This 13-minute video chronicles the decision by Bill Clinton to sign a controversial welfare reform bill in 1996. The video illustrates the centrist tendencies of President Clinton’s administration, and shows students how the bill has affected the lives of poor Americans. The video is useful for demonstrating the political context of the 1990s, and sets up an engaging discussion about Americans’ changing views about the government’s role in providing public assistance.
Welfare and the Politics of Poverty
Bill Clinton’s 1996 welfare reform was supposed to move needy families off government handouts and onto a path out of poverty. Twenty years later, how has it turned out?
By the mid-1990s, with record numbers of Americans on welfare, public resentment reached a tipping point.

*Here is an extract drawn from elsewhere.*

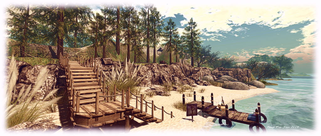 Just over the water from her Snuggles brand stores in Second Life, Teagan Parnas has created a little park open to the public to enjoy. Snuggles Forest, occupying a Homestead region, offers the chance for visitors to roam an undulating landscape and dance, sit, share time on the beaches, explore and – as them name might suggest – snuggle.

Recipients were stigmatized as lazy ne’er-do-wells feeding at the public trough. Politicians railed against “welfare queens”, the unwed mothers they claimed were gaming the system, having more babies to get more taxpayer cash.
Republicans had been pushing to overhaul welfare for decades, with little success. But in 1996, in a move that outraged liberals, a Democratic president signed into law a bill that “ended welfare as we know it.”
The vision of welfare reform was an optimistic one. The poor would be liberated from dependency on government handouts, so they could enjoy the dignity of work and move from poverty to self-sufficiency. What actually happened is a lesson in good intentions gone awry, and raises questions about whether the politics of poverty have changed much in 20 years.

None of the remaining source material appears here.